For one thing, my stomach is having trouble processing all of the extra pills and capsules.
I’m not sure if it is the ursolic acid or something else, but the first few days my stomach was in knots.
So I have done two things to improve the situation.
I have now split my dosing up into several different “handfuls,” and take three or four pills spread throughout the day. That seems to help.
And like Danny mentioned earlier, I am cutting back the doses of curcumin–and a bit with several of the others–as well.
Three reasons: First, my stomach is saying “too much!” Second, we are only guessing about optimum dosing, so in keeping with my “moderate” approach to supplementation, I’m still not comfortable overdoing it. Maybe I will increase doses with time. And third, the cost. I have just started shopping around for best prices, but this stuff is expensive! Insurance doesn’t cover it, and I hadn’t budgeted for it.

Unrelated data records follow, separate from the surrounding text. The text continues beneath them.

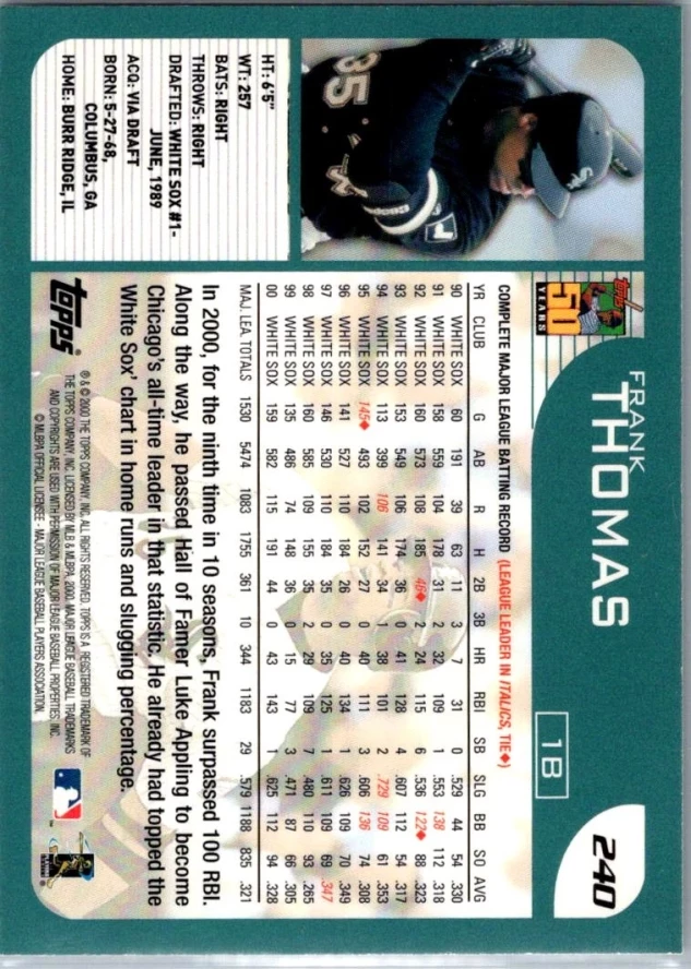 This is a nice example of a 2001 Topps #240 Frank Thomas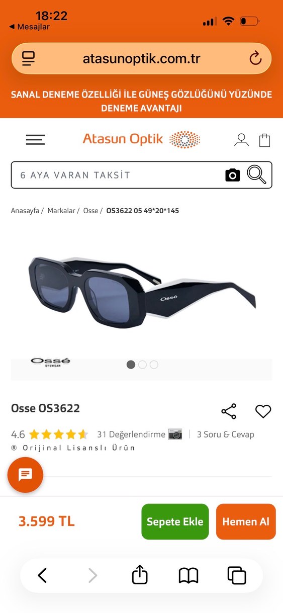 Osse OS3622, siyah parlak çerçevesiyle minimalist ve sokak modasına uygun kadın güneş gözlüğüdür. Özgün lisanslı, avant-garde ve trend belirleyici tasarım sunar. ( pazarlık payı vardır ) ücret : 2550 tl uyguna veriyorum.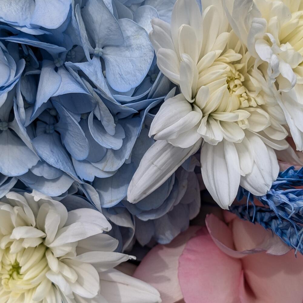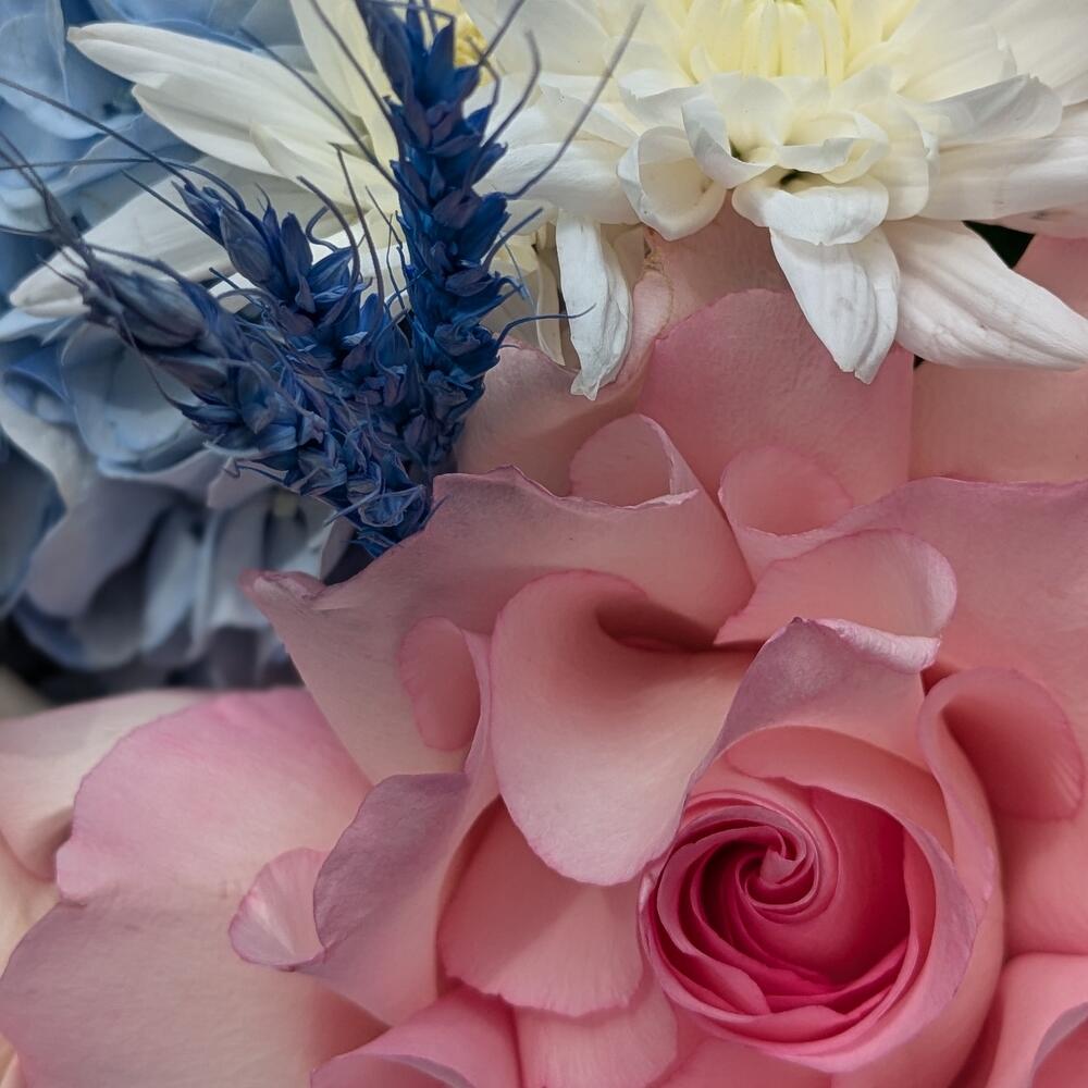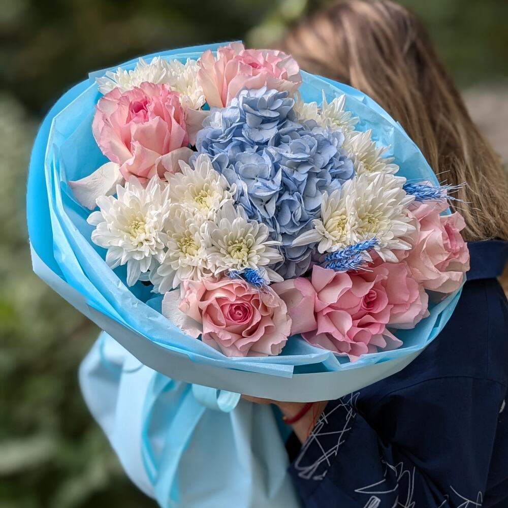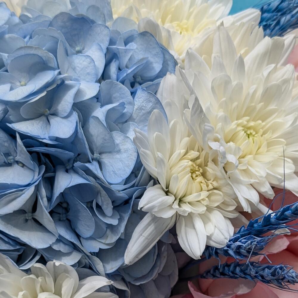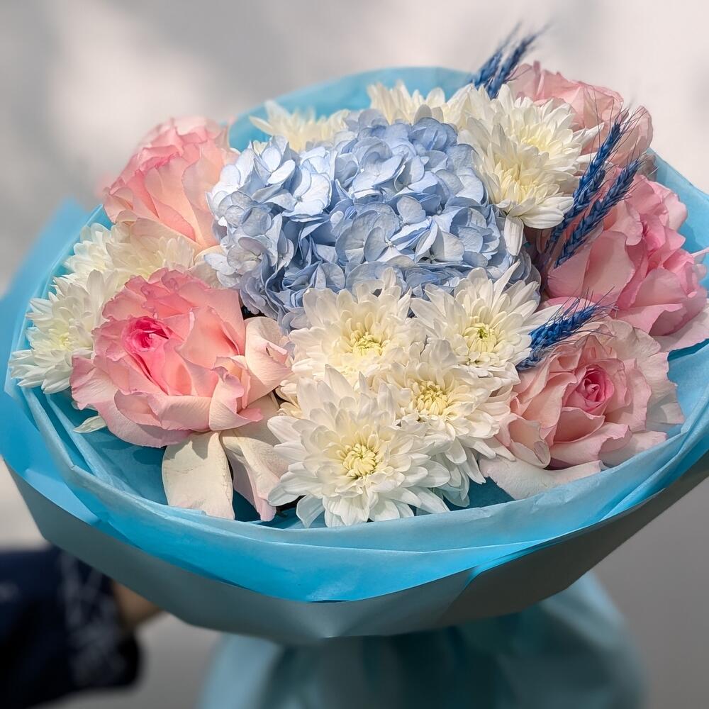 Гортензия - 1 шт. Хризантема кустовая - 4 шт. Роза - 5 шт. тритикале(пшеница) - 6 шт.

You can spin that last point two ways, of course. It does seem silly to worry about spending an extra $100 a month or so to help save my life. But with no “proof,” questions about dosing and realities of budgeting, I believe that this is a real issue that we can explore on an ongoing basis.
I would like to thank Danny for taking so much interest in my therapy. He even sent me a month’s supply of the supplements he recommended on the list so I could get started on time.
I’m looking forward to his next column.
In the meantime, please don’t forget to add lots of raw fruits and vegetables to your daily diet. Researchers admit that there is nothing better than ingesting nutrients in their most complete and natural form.
They disagree about how much cooking destroys these benefits.
Can’t hurt to eat some raw carrots, celery, radishes, spinach, etc everyday, right?